With pictures left out, output exactly the lines of the listing below from the line that has "서산시, 북스타트 책 놀이 프로그램 수강생 모집" to the line that has "Black Ribbed High", both lines kept.
Top of Extracted entries
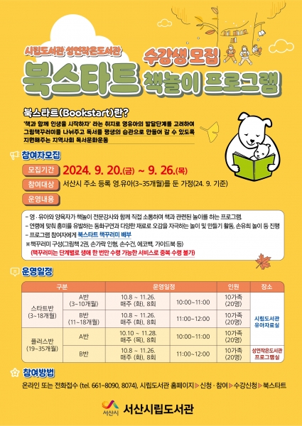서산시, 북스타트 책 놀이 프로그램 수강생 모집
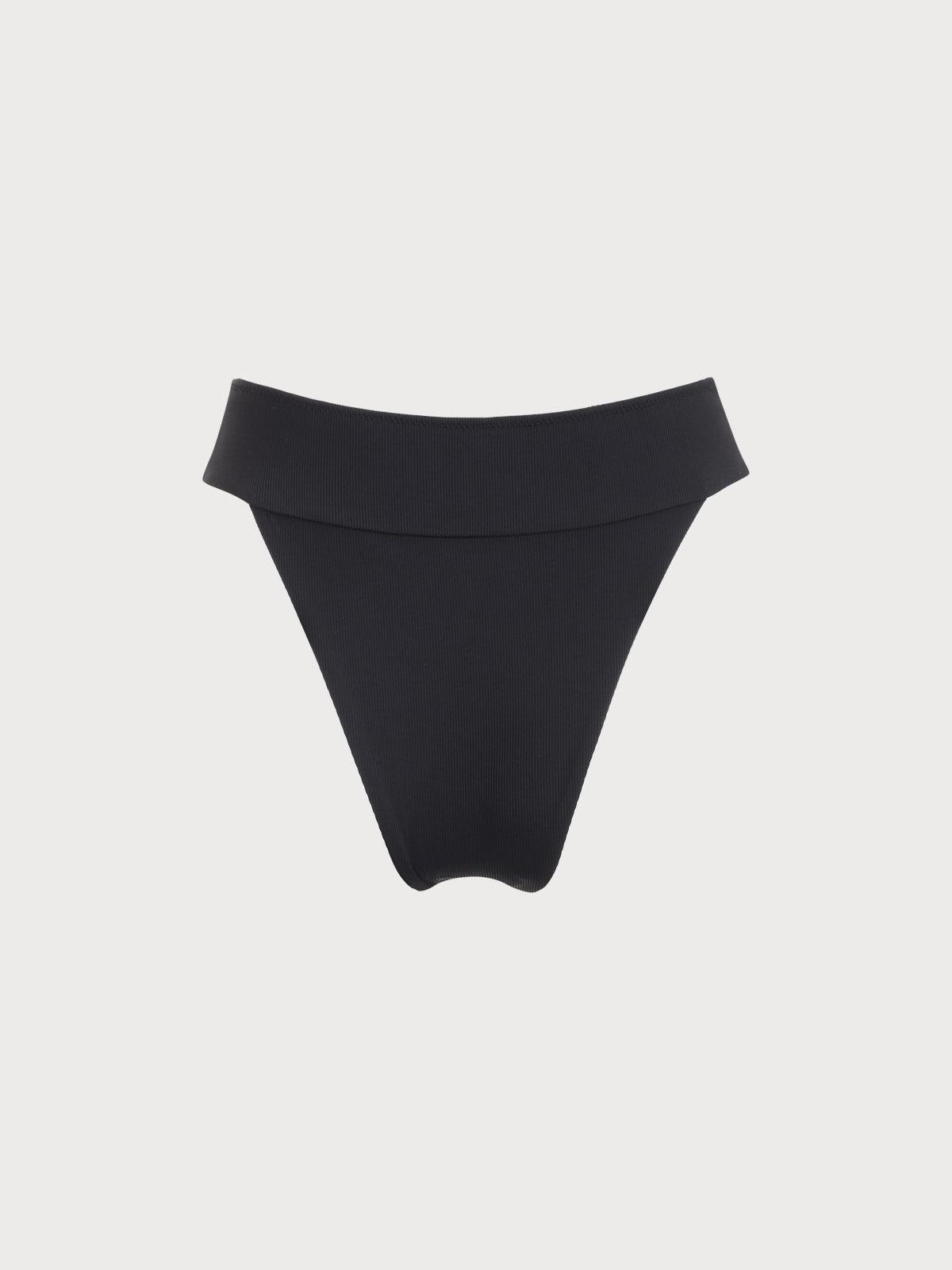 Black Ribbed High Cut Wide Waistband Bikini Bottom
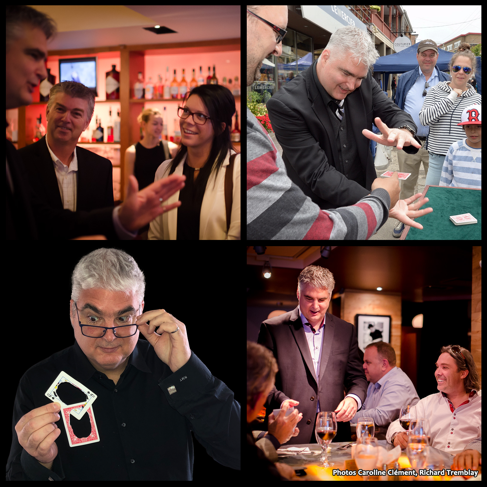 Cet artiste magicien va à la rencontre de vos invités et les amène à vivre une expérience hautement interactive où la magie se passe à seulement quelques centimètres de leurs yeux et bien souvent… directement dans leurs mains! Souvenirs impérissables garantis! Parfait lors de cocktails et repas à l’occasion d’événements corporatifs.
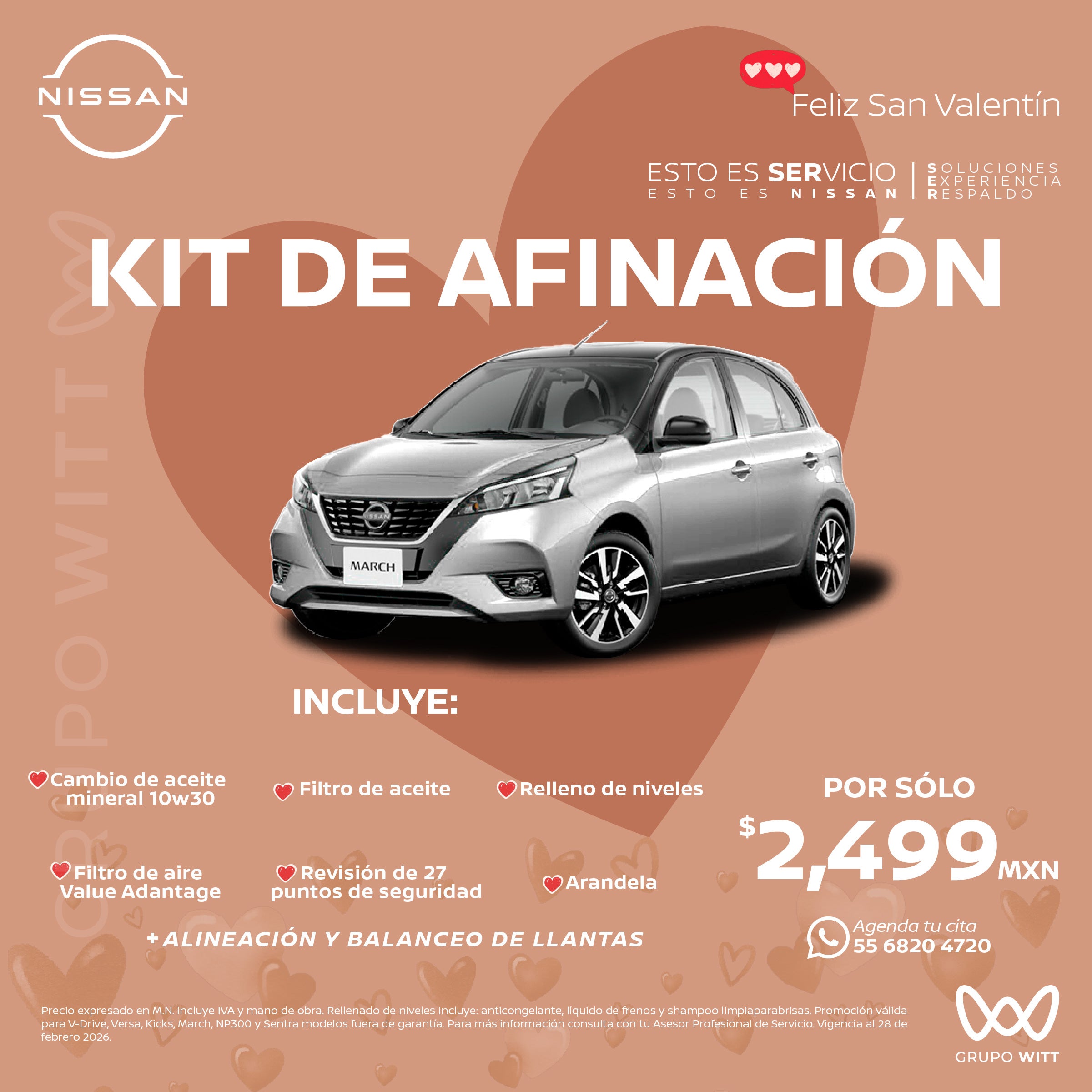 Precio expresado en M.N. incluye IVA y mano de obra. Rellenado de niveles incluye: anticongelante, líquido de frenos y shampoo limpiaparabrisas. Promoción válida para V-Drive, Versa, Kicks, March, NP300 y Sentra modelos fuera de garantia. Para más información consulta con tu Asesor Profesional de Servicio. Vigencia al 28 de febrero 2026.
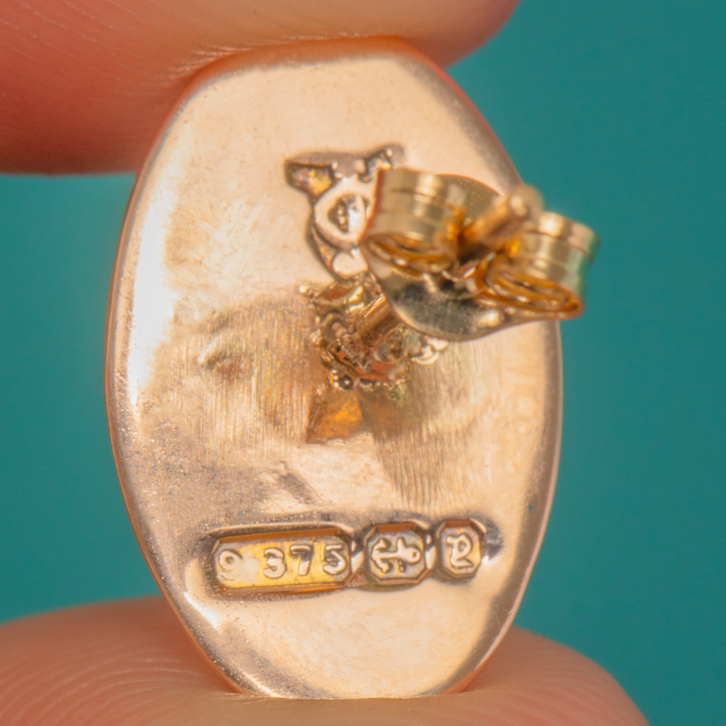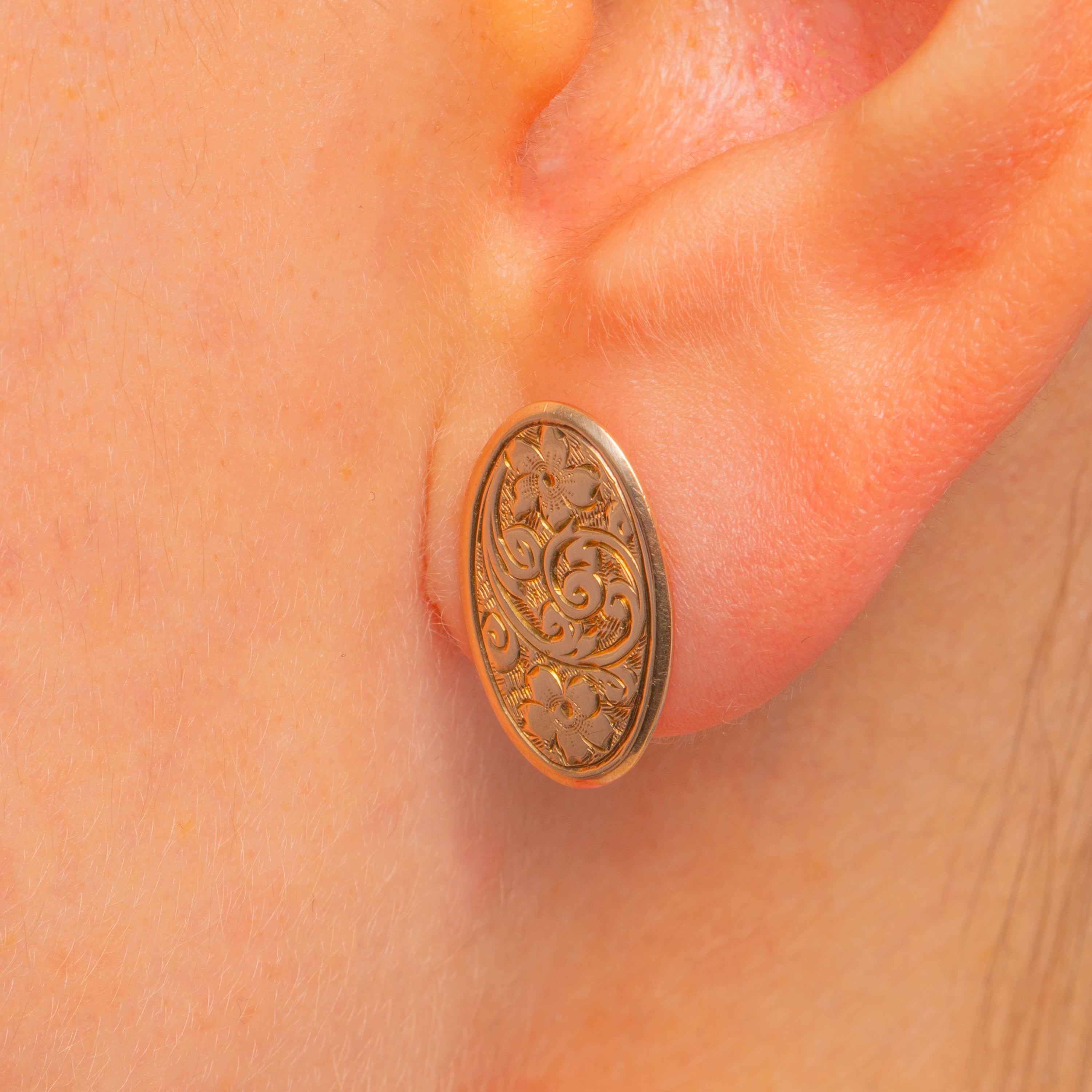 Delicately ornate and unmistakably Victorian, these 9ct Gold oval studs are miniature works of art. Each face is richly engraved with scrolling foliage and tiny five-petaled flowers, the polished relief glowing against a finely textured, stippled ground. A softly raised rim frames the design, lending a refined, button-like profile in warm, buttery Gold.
Bottom of Extracted entries
Top of Extracted entries
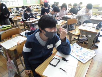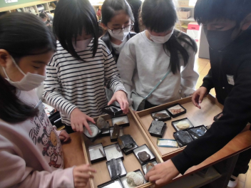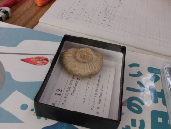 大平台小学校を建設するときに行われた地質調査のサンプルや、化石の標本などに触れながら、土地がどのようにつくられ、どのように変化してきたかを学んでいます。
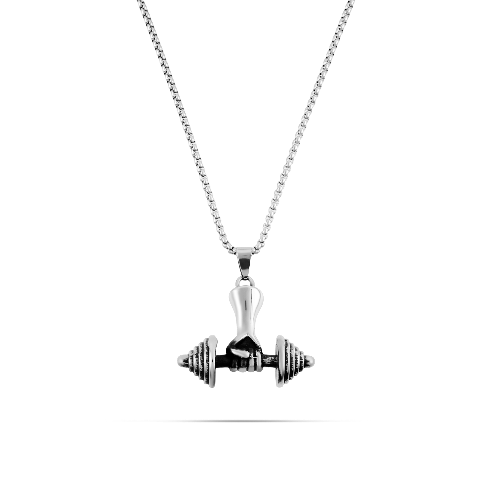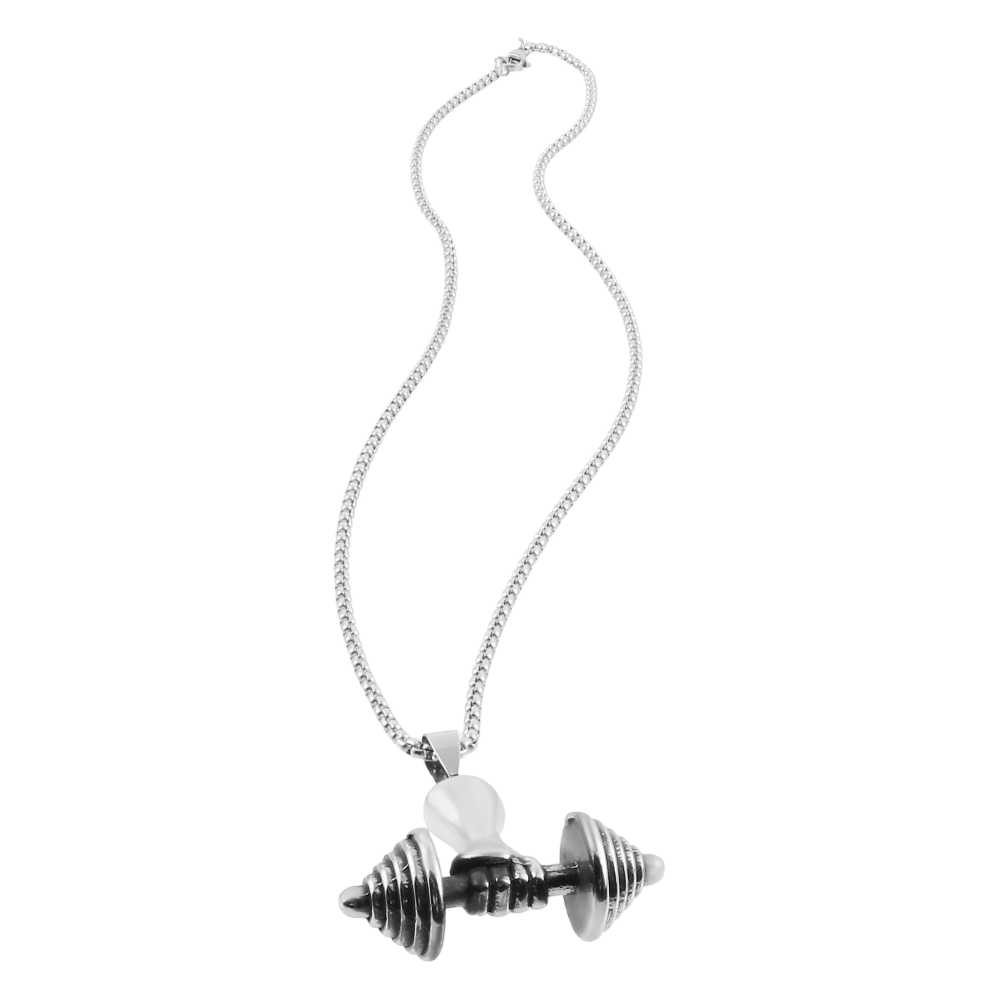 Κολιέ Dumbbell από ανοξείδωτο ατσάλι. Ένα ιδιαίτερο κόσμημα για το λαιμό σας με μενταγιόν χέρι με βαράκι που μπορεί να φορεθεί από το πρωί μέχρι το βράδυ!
Bottom of Extracted entries
Top of Extracted entries
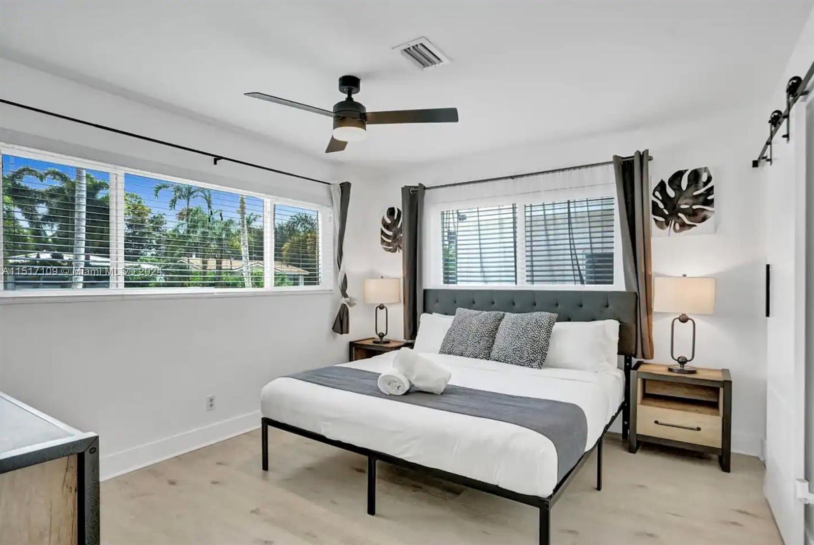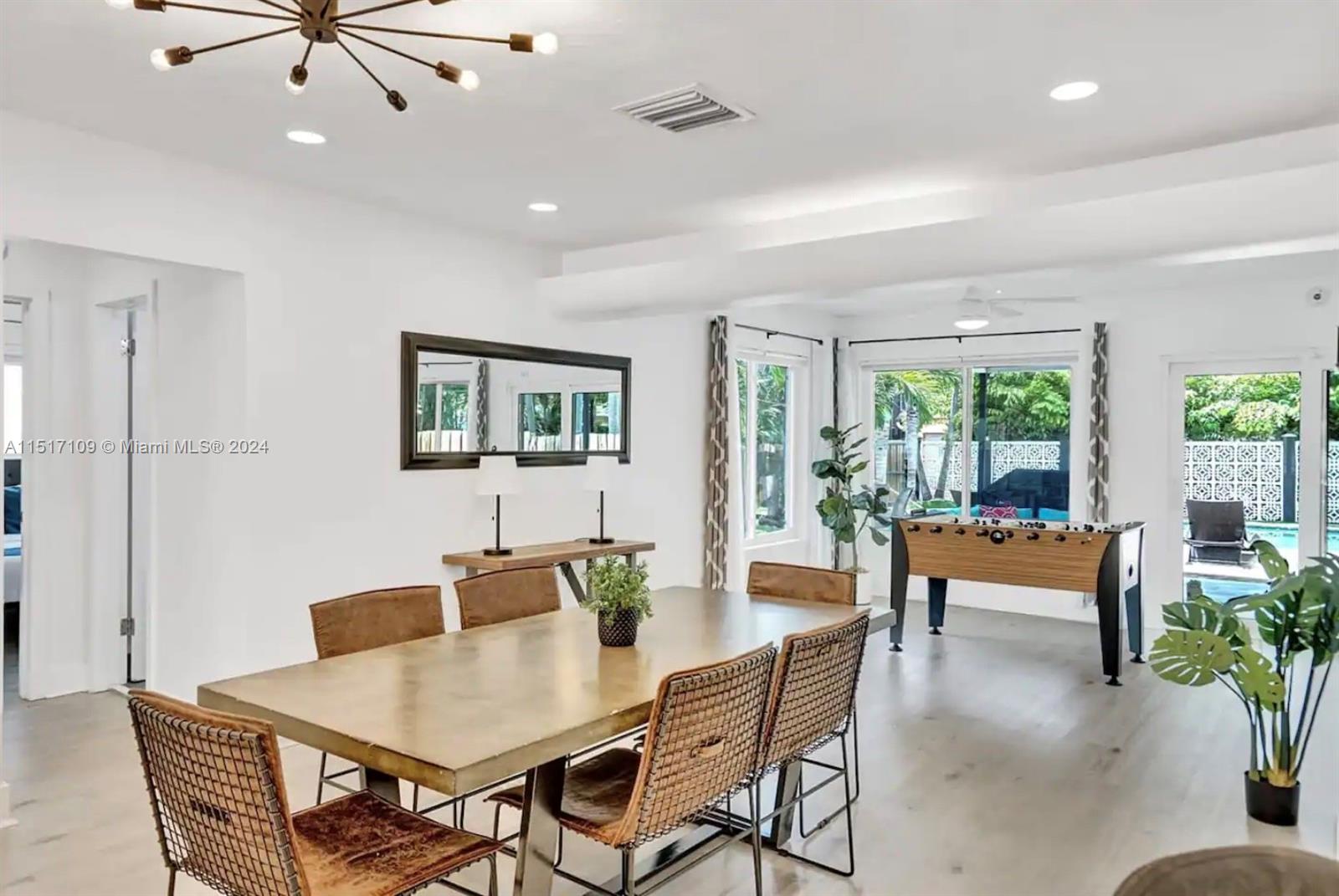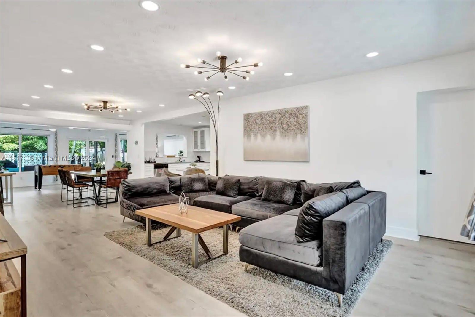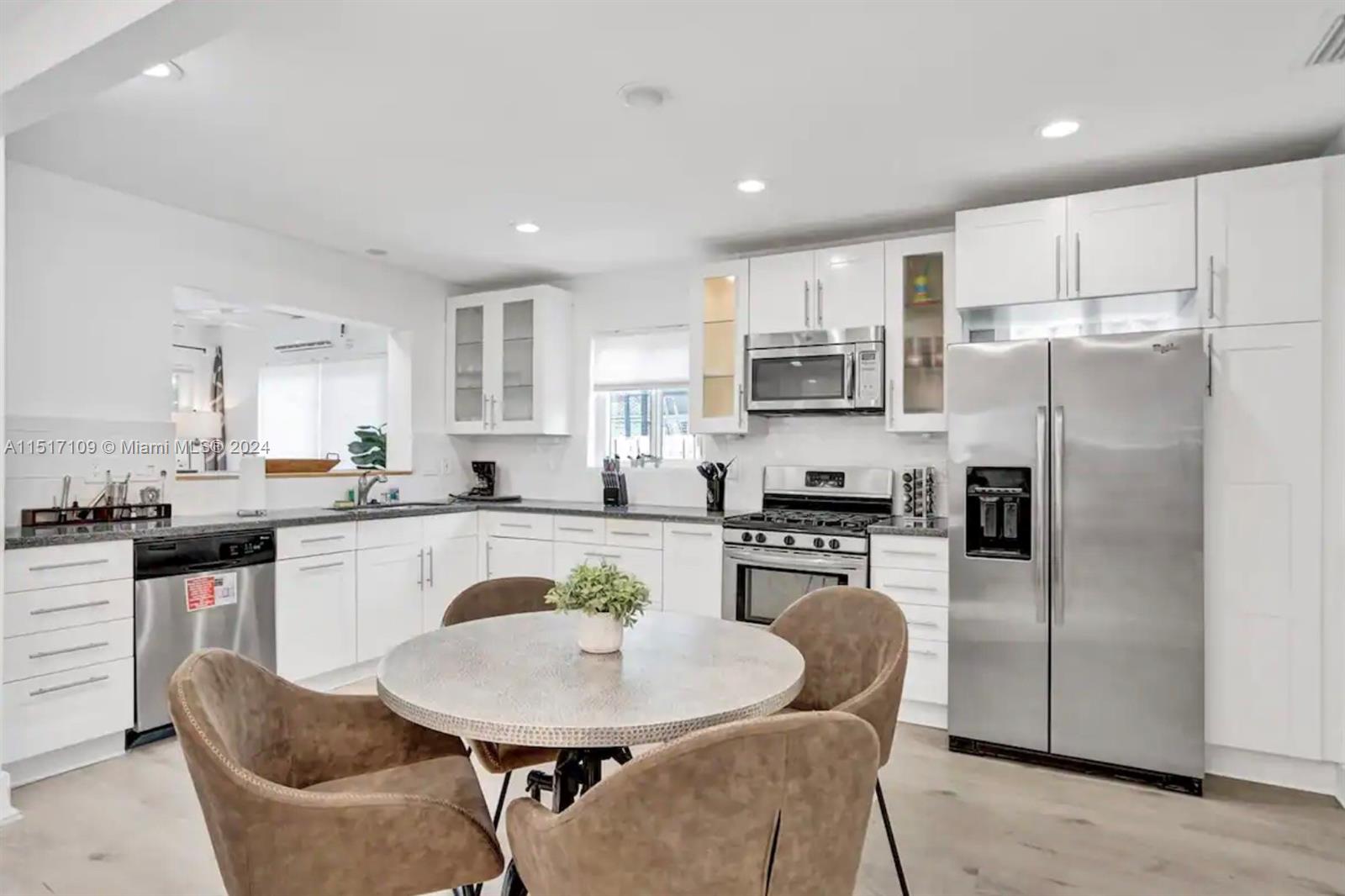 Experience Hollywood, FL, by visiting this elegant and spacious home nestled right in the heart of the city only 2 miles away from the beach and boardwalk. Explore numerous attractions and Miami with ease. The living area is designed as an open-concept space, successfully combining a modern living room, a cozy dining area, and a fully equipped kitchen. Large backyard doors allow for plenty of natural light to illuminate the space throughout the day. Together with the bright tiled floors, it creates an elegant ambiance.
Bottom of Extracted entries
— Solution to the problem —
서산시, 북스타트 책 놀이 프로그램 수강생 모집
 Black Ribbed High Cut Wide Waistband Bikini Bottom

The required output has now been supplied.